One of the huge mistakes I think was to allow the higher alcohol beverages in grocery stores here. I worked for a beer distributor before they did, and we had nothing over 5% alcohol. All those higher alcohol beverages like Old English 800 were in the liquor stores.
We hated that. We both thought it would be big trouble and we'd make less money. Guys could get drunk cheaper with all those cheap ice beers. Before that you had to drink wine if you wanted more than 5% alcohol unless you went to one of the two liquor stores in town. Almost no one bought those malt beverages and ales there because liquor stores didn't keep them cold.
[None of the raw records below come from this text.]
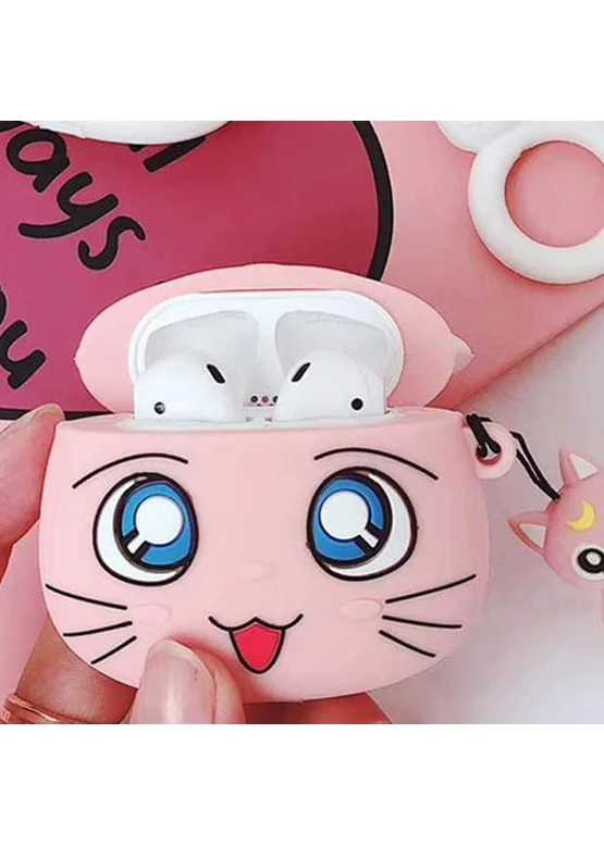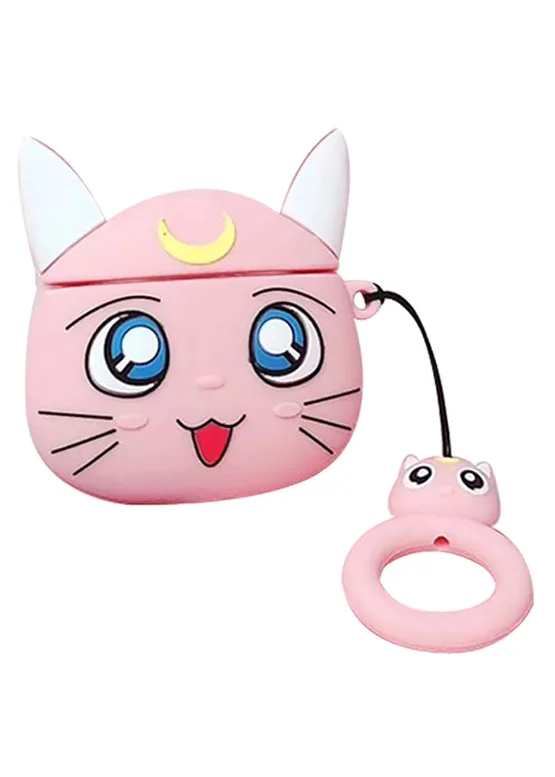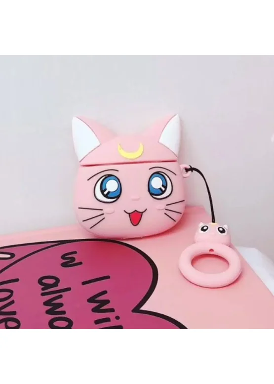 Силиконовый футляр Anime для наушников AirPods 1/2 + кольцо Кот Луна / Розовый
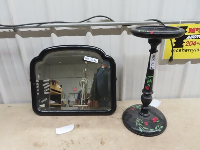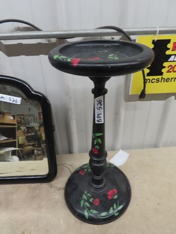Wood Framed Bevelled Mirror 23" x 19" & Painted Wooden Ashtray Stand
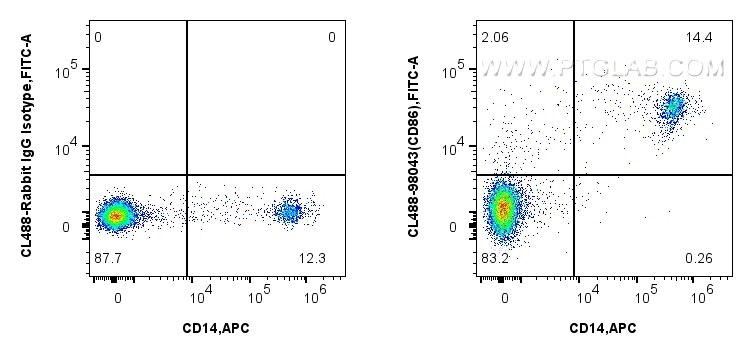 The CD86 antibody from Proteintech is a rabbit recombinant antibody to a fusion protein of human CD86. This antibody recognizes human antigen. The CD86 antibody has been validated for the following applications: FC analysis. This antibody is coraliteR plus 488.
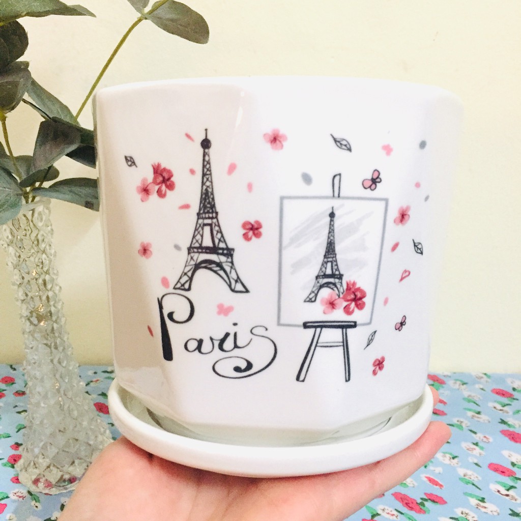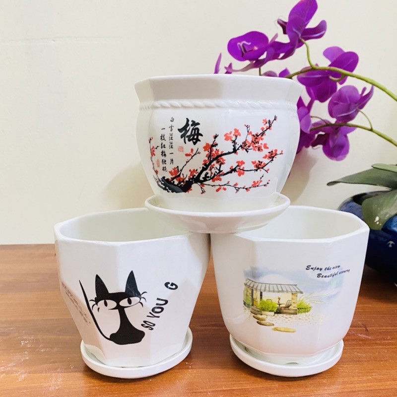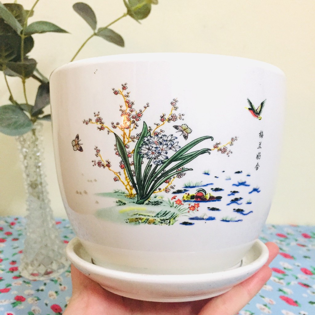 Nhà cửa & Đời sống > Làm vườn > Chậu cây || Chậu trồng cây để bàn bằng gốm sứ Bát Tràng, họa tiết dễ thương, sứ men trắng tráng bóng,có đĩa lót, rộng 18cm, cao 17cmCòn hàng

Now you have every fruit flavor or whatever 8% alcohol in cans. That can't be good. They did away with all the flavored cigarettes because those appealed to kids but not the alcohol.
Traurigkeit
(1,290 posts)unweird
(2,969 posts)Nor wanted. There are many functions of government that are best left with the state to operated. Liquor sales, transportation infrastructure and education immediately spring to mind.
FakeNoose
(35,795 posts)I take it you don't live in Pennsylvania? We're the last state in the country that still has state-run liquor stores for spirits and wines. Beer is sold through beer distributors. (The short answer is that there's a very strong union of PA state store employees that is preventing this from happening.)
In the last 10 years or so grocery and convenience stores have been able to get single-serving beer and wine pouring licenses because they could prove to the state that they were also serving food to the public. As I explained in my OP it's become a huge problem in certain areas of Philadelphia where homeless people are abusing. It doesn't happen in other areas of the state (that I'm aware of), only in Philly.
Even if we did change our state laws and allow private ownership of liquor stores, it wouldn't solve this particular problem. Private liquor stores wouldn't be allowed to sell single-serves of wine and beer, because that requires a restaurant/bar pouring license.